On October 2, the Armenian leader arrived in Paris, where he laid flowers at the monument to the great Armenian composer Komitas, paying homage to the memory of the victims of the 1915 Armenian Genocide. Opponents of the Armenia-Turkey normalization process were holding a rally there. “Our concern is the points of the agreement that may call the fact of the Armenian Genocide in question,” said one of the demonstrators, Lourent Vardanian, a member of the Van partnership, an Armenian-French Association informing the public of the massacres of Armenians.

President Sargsyan had lunch in Paris with crooner Charles Aznavour, one of France's most famous Armenians, before meeting with members of the local Armenian community here, Associated Press reported, referring to RA Presidential Spokesman Samvel Farmanian.

Associated Press reported a clash between the police and the demonstrators. The Armenian President did not witness the incident.

After Paris, President Sargsyan is set to continue what is dubbed a “pan-Armenian tour” with visits to New York, Los Angeles, Beirut and Rostov-on-Don in Russia. In Los Angeles, California, USA, the Armenian leader is to hold a news conference.

Former US Ambassador to Armenia John Evans, during an international webcast of an Armenian National Committee of America town hall meeting Thursday, called the Armenia-Turkey protocols “flawed,” reported the Asbarez newspaper published by the Armenian Diaspora.

“This is a flawed document,” said Evans. “I think that the impulse to try to get diplomatic relations started and to get the border opened was a good impulse. In the execution there may have been, and there certainly were some shoddy work,” added Evans who prefaced his remarks by noting that he was speaking on his own behalf and not as a representative of any government or organization.

The diplomat was fired by the State Department for speaking honestly and calling the events of 1915 Genocide.

Ken Hachikian, Chairman of the Armenian National Committee of America, today called upon Secretary of State Hillary Rodham Clinton to lift the unfair and heavy pressure the U.S. government is using to force Armenia to accept a set of highly controversial Protocols on the normalization of relations with Turkey.

In his letter, dated September 30, 2009, Hachikian expressed the Armenian American community's concern that “these one-sided agreements, which are being imposed upon a landlocked Republic of Armenia that remains blockaded by Turkey and that is still working to overcome the devastating demographic, economic and geopolitical legacy of the Armenian Genocide, would, if adopted, call into question the reality of the Armenian Genocide, threaten Armenia's security, jeopardize the freedom of Nagorno-Karabagh, and compromise the inalienable rights of all Armenians.”

It would be nice if the present FM Mr. Nalbandyan would listen to his long serving predecessor's words and heed them leaving aside any animosities that he might have. He can actually do that, especially since Mr.

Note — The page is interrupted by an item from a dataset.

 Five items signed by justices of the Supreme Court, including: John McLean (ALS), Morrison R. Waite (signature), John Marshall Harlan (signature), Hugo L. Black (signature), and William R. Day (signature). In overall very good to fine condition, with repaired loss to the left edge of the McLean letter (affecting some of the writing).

Oskanyan cannot be accused of being an ARF member, which seems to be regarded as a sin by the authorities in Armenia and some circles in the Diaspora, the analyst Jean Ipdjian writes in an article published by the Gibrahayer e-magazine published by Armenian community in Cyprus.

“Actually, the fact that, as FM E. Nalbandyan claims, the Protocols cannot be changed facilitates the work of El President Sargsyan and gives him a way out of a difficult situation…All he has to do is blame the FM for the fiasco, fire him and refuse to sign the accords,” the analyst writes.

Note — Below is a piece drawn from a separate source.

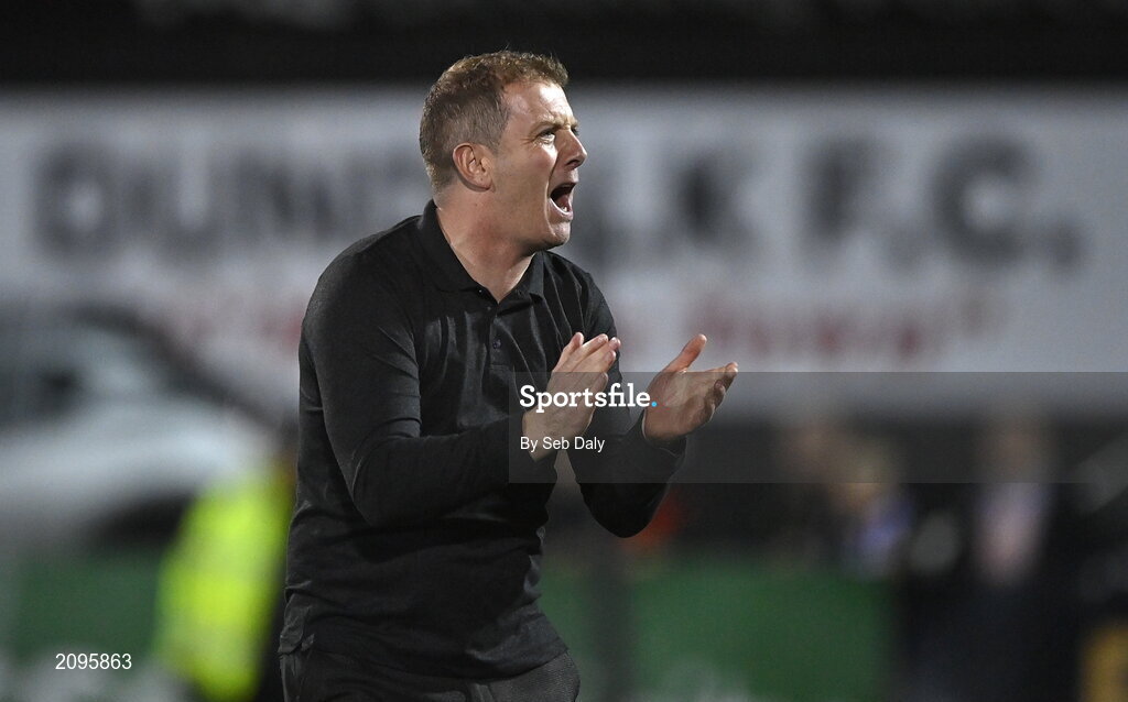 8 October 2021; Dundalk head coach Vinny Perth celebrates after his side's victory over Shamrock Rovers in their SSE Airtricity League Premier Division match at Oriel Park in Dundalk, Louth. Photo by Seb Daly/Sportsfile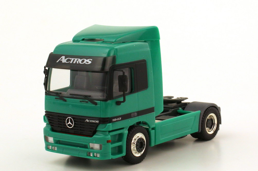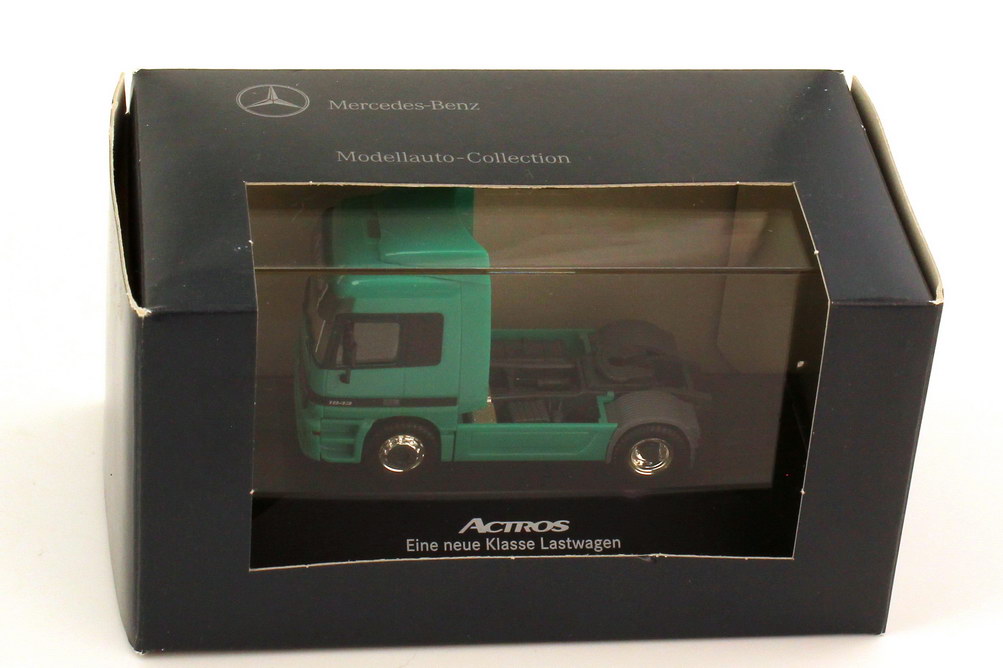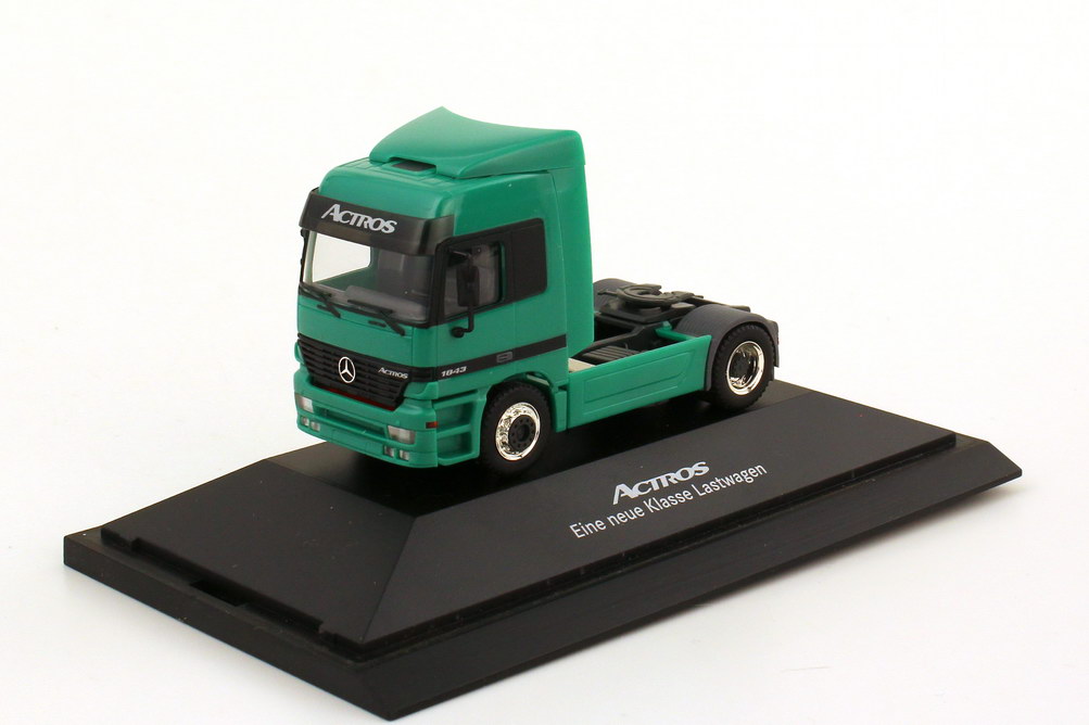 herpa-Modellauto in Minivitrine, M 1:87, Mercedes-Benz Actros L 1843 LS mit Vollverkleidung 2achs Sattelzugmaschine saftgrün "Eine neue Klasse Lastwagen" (Mercedes-Werbemodell)

President Barack Obama's National Security Advisor James L. Jones, in a letter sent recently to a bipartisan group of 82 U.S. Representatives, failed to meaningfully respond to the specific concerns raised by these legislators with the President regarding Turkey's ongoing efforts to block U.S. recognition of the Armenian Genocide, reported the Armenian National Committee of America (ANCA).

The letter from Jones, dated September 17, 2009, sidestepped concerns regarding Turkey's backtracking from the commitments it has made as part of its discussions with Armenia, and, most notably, Ankara's use of this dialogue to serve its longstanding interest in preventing Presidential commemoration and condemnation of the Armenian Genocide. In his letter, Jones used the very evasive and euphemistic terminology, in place of an honest and straightforward recognition of this genocidal crime, that President

Obama powerfully condemned as “inexcusable” while a U.S. Senator and Presidential candidate.

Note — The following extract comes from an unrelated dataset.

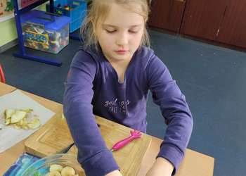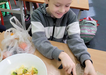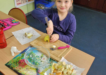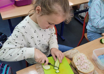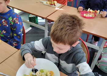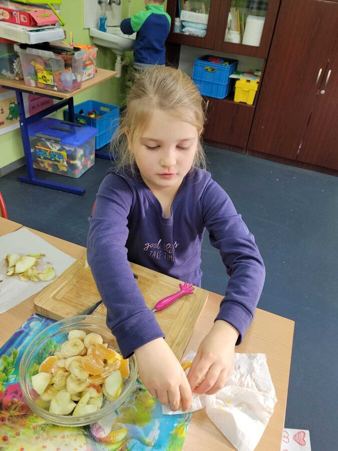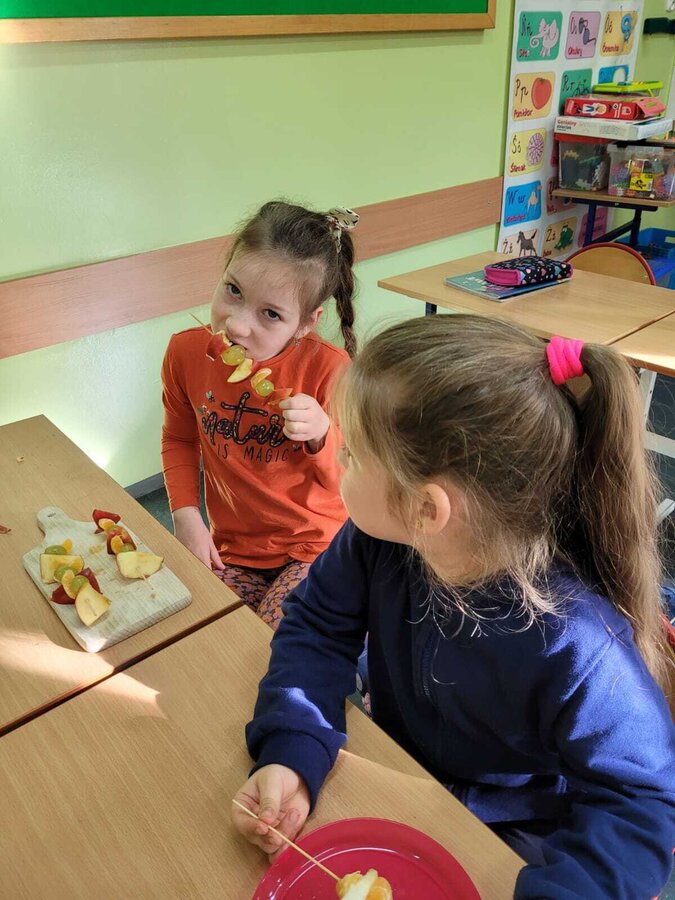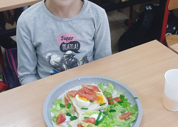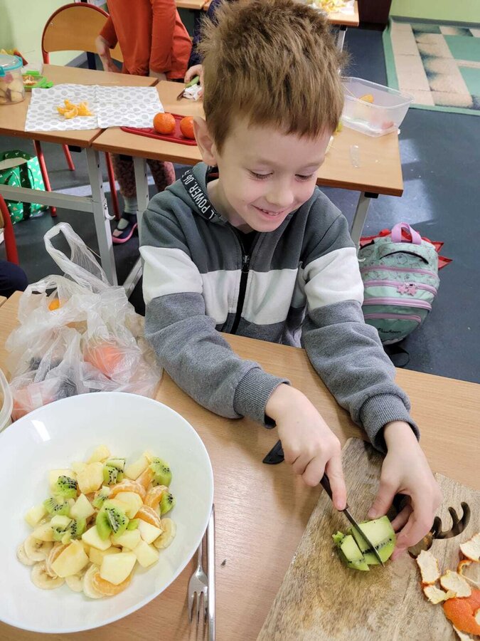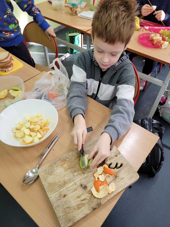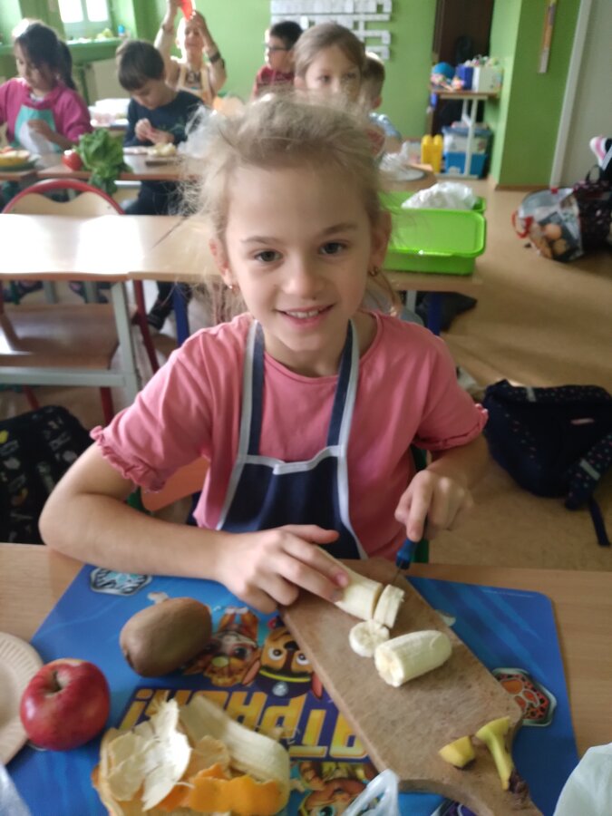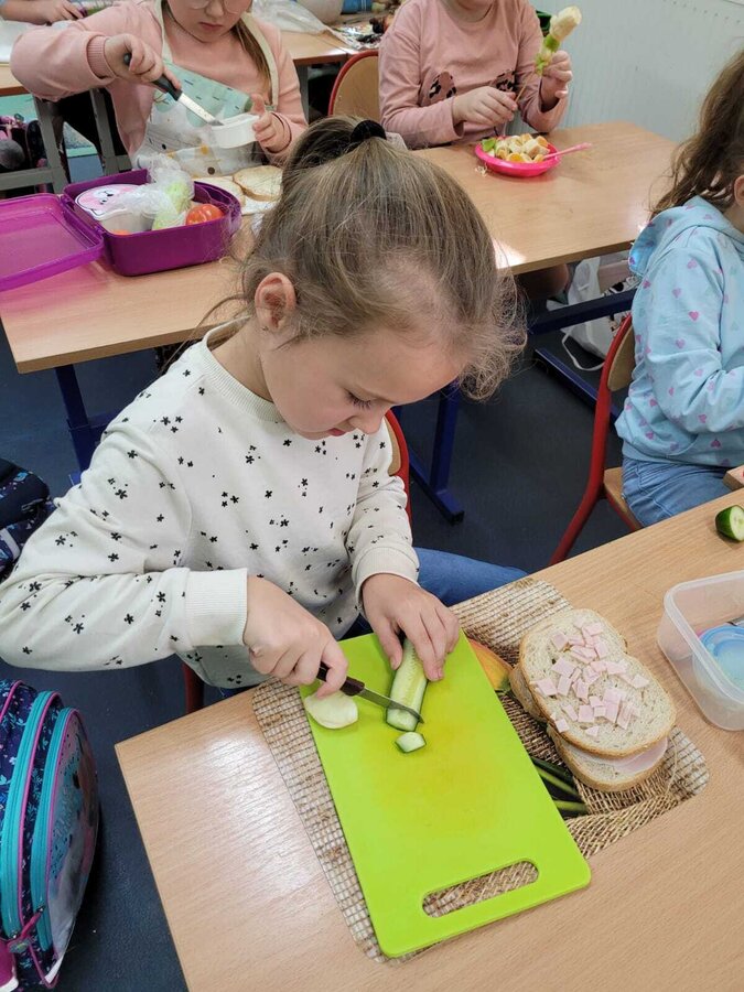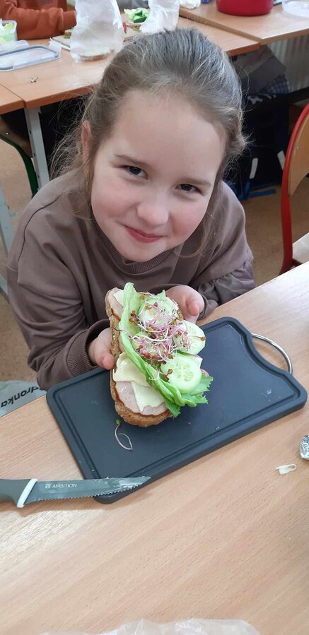 9 listopada uczniowie klas 1-3 przygotowali śniadaniową ucztę. Na stołach gościły zdrowe produkty. Przypomniano, że śniadanie to najważniejszy posiłek dnia. Dzięki niemu dzieci mają energię do nauki, lepiej koncentrują się podczas lekcji i mają siły do zabawy. To najlepszy start w nowy dzień.

On July 30th of this year, 82 members of the U.S. House shared their concerns with President Obama about Turkey's efforts to manipulate the public perception of its dialogue with Armenia to block U.S. recognition of the Armenian Genocide. The legislators stressed in their letter, that, in light of Turkey backtracking from its commitments, it was especially important for the President to honor his campaign pledge to recognize the Armenian Genocide.

The 18th anniversary of Armenia’s independence was marked by various events, which arouse doubts concerning “our Homeland’s normal developments,” the analyst Jorge Rubén Kazandjian writes in an article published by Diario Armenia, a digital publication of the Armenian Diaspora in Argentina.

“Every time on September 21, we, the Armenians all over the world, congratulate each other on the existence of our independent state in spite of all the difficulties it encounters because of its geographical location and enmity on the part of Turkey and Azerbaijan. Nonetheless, under the circumstances, we manage to preserve our moral values and survive, contributing to the country’s development in peace and harmony,” writes the author. Addressing the Armenian-Turkish Protocols, he stressed that they aroused most serious concerns, specifically over some points – concerns even the greatest enemies of Armenia did not dare dream of. Kazandjian does not rule out that, with respect to the Armenian state and people, the Armenian President has goodwill. However, goodwill alone is not to be relied on, the author writes.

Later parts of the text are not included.